We validate the hand-labeling of Major Policy Topic codes assigned during data collection to each platform point in a candidate’s campaign platform. To do so, we tasked coders who collected text during the 2022 primary elections with re-labeling a random sample of 20% of the campaign platforms in our corpus (N=43,465), totaling to 8,584 platform points (i.e., documents). Coders were not assigned to relabel any campaign platforms they had labeled during their initial data collection effort. Percent agreement between re-labeled documents and their original topical coding was 80%. The Cohen’s Kappa statistic between coders, which computes the level of agreement while accounting for random chance, is 0.84; the weighted Cohen’s Kappa is 0.74. These statistics reflect an extremely high rate of agreement between raters. Upon manually reviewing statements for which there was inter-rater disagreement, we found that most disagreements came from statements labeled as “Unknown/Other.”

Usage Notes

Recall that the units of analysis in our biographical narrative and policy platform datasets vary. Because of this, workflows for basic usage and aggregation will differ across these datasets. In our biographical data, each row is a candidate-year. If users seek to compare candidate self-presentation across time, they should uniquely identify candidates using the variables: candidate_webname, state_postal, and cand_party. We do not recommend using cd because many candidates ran in numerically different districts in our data due to redistricting. Be advised that only incumbents possess a BioGuideID, and some candidates lack a FECCandID because they never filed with the Federal Election Commission, so we do not recommend aggregating text using these identifying variables.
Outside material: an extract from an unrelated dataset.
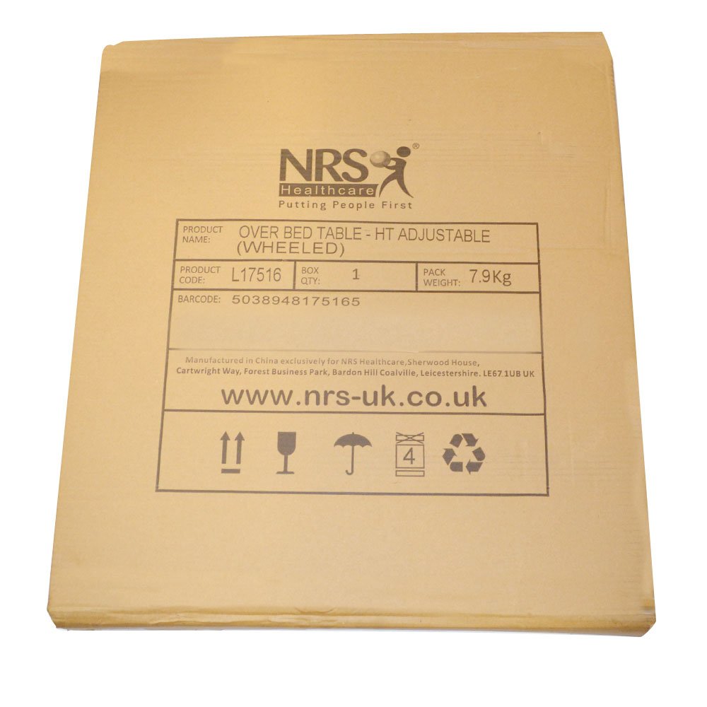 Galds ir izgatavots no pulverkrāsota, hromēta tērauda, kas padara to uzticamu un stabilu. Rāmis ir balts un tam ir četri melni ritentiņi ar bloķējošām bremzēm, kuras aktivizējas, tos salokot uz augšu, noturot galdu vēlamajā pozīcijā. Ritentiņi ir piemēroti gultām un krēsliem, un attālums starp grīdu un sēdekļa vai guļvietas apakšpusi ir vismaz 100 mm. Galdu var piespiest tuvu ķermenim, kas ir īpaši noderīgi ēšanas laikā.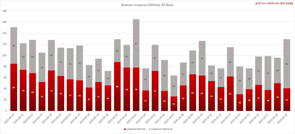 Estos dos gráficos muestran quién creó nuevas cuentas durante el último día y el número total de cuentas registradas. La línea roja muestra cuántas de ellas han estado activas al menos una vez (activa significa publicar un post, comentar o votar). Están incluidas incluso si se vuelven inactivos más tarde.

In our platform data, each row represents a candidate-year-platform point. Platforms can be aggregated at the candidate-year level by concatenating text and uniquely identifying candidates with the variables: candidate_webname, state_postal, cd, year, and cand_party. To maintain the order of platform points, rows should be sorted by these variables, along with statement_id. Multiple variables are required for unique identification because, in a few cases, several candidates sharing the same name ran in the same congressional district in the same year. Once again, we do not recommend aggregating text by FECCandID or BioGuideID. In the Harvard Dataverse, we provide code for aggregating individual platform points into complete platform documents at the candidate-year level. We also provide our datasets in this aggregated format.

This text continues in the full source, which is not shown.